The Biden administration is seeking to mobilize the world to curb methane emissions, using domestic policies and global pledges to combat the climate-warming gas.
World leaders announced Tuesday that 100 countries are now backing an effort led by the United States and the European Union to cut global methane emissions by 30 percent.
Meanwhile, the U.S. also announced new regulations for its domestic oil and gas production.
“One of the most important things we can do in this decisive decade … to keep 1.5 degrees in reach is reduce our methane emissions as quickly as possible,” President Biden said during remarks at the U.N. climate summit in Glasgow, referring to a goal to limit global warming to 1.5 degrees Celsius.
That pledge would aim to cut global methane emissions 30 percent by 2030, but individual countries aren’t necessarily held responsible for reducing their own emissions by that quantity.

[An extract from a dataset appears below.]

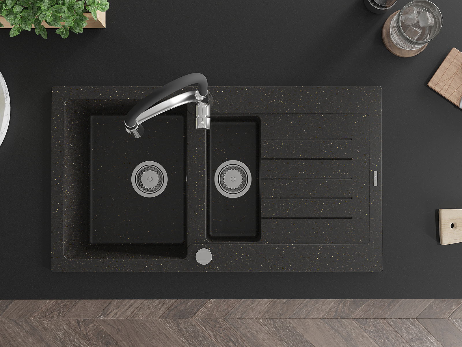 Mexen Matias νεροχύτης γρανίτης 1,5 θαλάμου με αποστράγγιση και μπαταρία
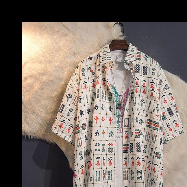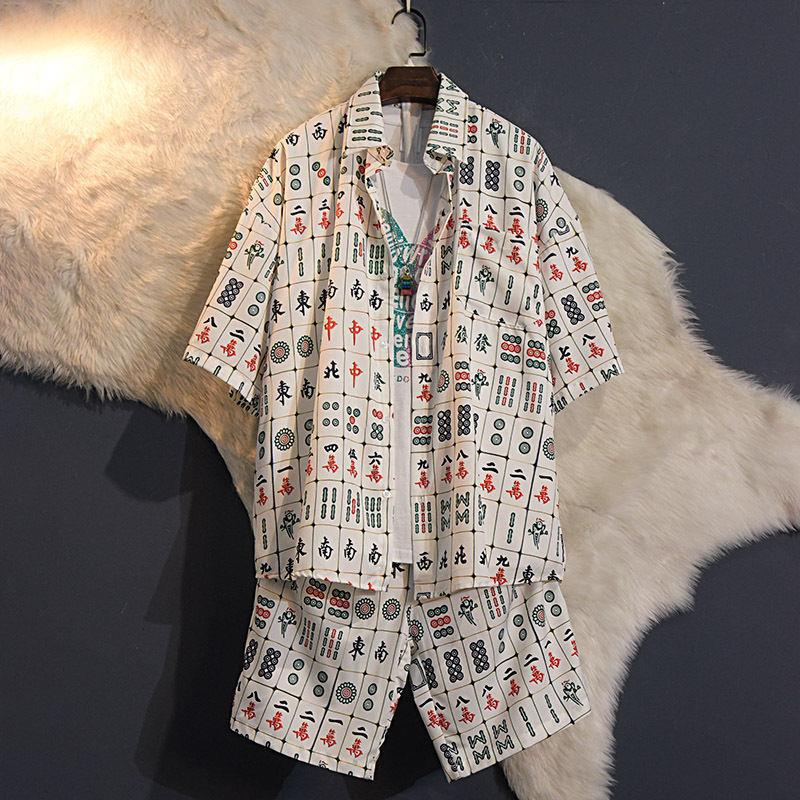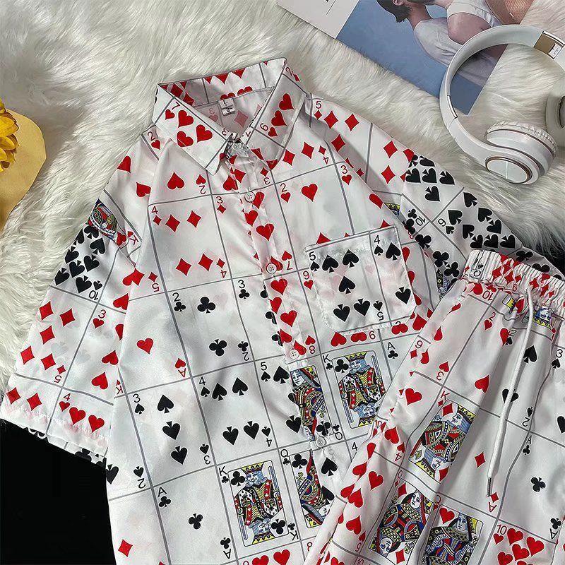 여름 새로운 패션 브랜드 포커 패턴 반팔 셔츠 세트 남성 반바지 셔츠 집주인 재미있는 옷스토어 가기

Instead, Special Climate Envoy John Kerry said last month that “every country will do what it can in order to be able to reduce methane emissions.”
While there is no enforcement mechanism to hold countries to the pledge, some advocates remain optimistic that it will help reduce methane emissions.
“I think there’s a good chance they will meet it and I think it’s because the climate crisis has become more urgent and more center-stage over the last couple of years,” said Dan Grossman, associate vice president of the global energy transition at the Environmental Defense Fund.
He added that the onus is on developed countries in particular, saying “there is an expectation and an obligation that they do as much as they possibly can to compensate for economies that may not have as much flexibility.”
Biden, in remarks Tuesday morning, called the pledge “game-changing.”
“This is going to make a huge difference. And not just when it comes to fighting climate change,” he said, referring also to health benefits and economic benefits of ensuring that gas doesn’t leak out.
The initiative comes as the U.S. attempts to more broadly reassert its leadership on climate change following former President Trump’s inaction on the issue and his withdrawal from the global Paris Agreement.
The Biden administration has signaled it intends to take action on a number of regulations as Democrats in Congress face headwinds in their efforts to pass climate legislation, stoking uncertainty over whether they can advance significant proposals.
The Environmental Protection Agency (EPA) this week proposed a new rule aimed at new and existing sources of methane pollution from the oil and gas sector. The EPA said it will cut methane emissions from regulated entities by 74 percent compared to 2005 levels.
For the first time, the administration is taking on existing sources of methane pollution from the oil and gas industry by requiring states to develop guidelines that restrict the release or burn off of excess gas — processes known as venting and flaring.
Venting and flaring release methane since that substance is the main component of natural gas.
Darin Schroeder, associate attorney at the Clean Air Task Force, said it was a big deal that the agency was cutting methane from existing operations, which make up most of the oil and gas industry, but said the agency could have gone even further.
“Proposing some existing source guidelines is a really big step forward because that’s where most of the emissions are: from facilities that are existing today,” Schroeder said.
The agency is also adding more regulations on new facilities — like requiring certain technologies used by the industry to be non-emitting.
Previous regulations on new facilities were rolled back by the Trump administration but restored earlier this year through a disapproval resolution passed by Congress and signed by Biden.
The EPA’s latest action has not drawn much pushback from industry advocates. BP released a statement saying it “applauds” the move, while some trade groups gave more tepid responses, saying they support methane regulations and would look into the action.
The announcement comes as part of a methane plan from the agency, which also aims to tackle methane through other agencies and from other parts of the economy.
It said, for example, that the Bureau of Land Management will eventually seek to put royalty fees on vented and flared gas in order to curb the practices.
But, where it uses a regulatory approach for oil and gas, it uses a voluntary approach for agriculture — disappointing some advocates.
“They need to start with setting a pathway toward regulation,” said Ben Lilliston, director of climate change and rural strategies at the Institute for Agriculture and Trade Policy.
“I think it would immediately have an impact and people thinking differently about raising animals and the best system to do so,” Lilliston said of regulations on the agricultural industry.
The agricultural industry is the largest U.S. methane source when livestock and manure emissions are counted together.
But the regulations come as the White House struggles to get its climate agenda across the finish line in Congress — suggesting it may need to focus more on regulatory action.
While the agency was widely expected to regulate methane emissions from existing sources, the rule happens to come as a congressional proposal to cut additional methane emissions is at risk.
One area that Democrats are wrangling over is whether — and how — to limit methane emissions from oil and gas, having pitched a fee on emissions that met resistance from key swing vote Sen. Joe Manchin (D-W.Va.).
In a recent House proposal, Democrats pitched both fees on the releases and incentives to cut them through $775 million for grants, rebates, contracts and loans.
Nevertheless, Grossman, with the Environmental Defense Fund, said he believes that regulation is the best way to tackle methane from oil and gas.
“I think the rules are the primary strategy, and rightfully so,” he said.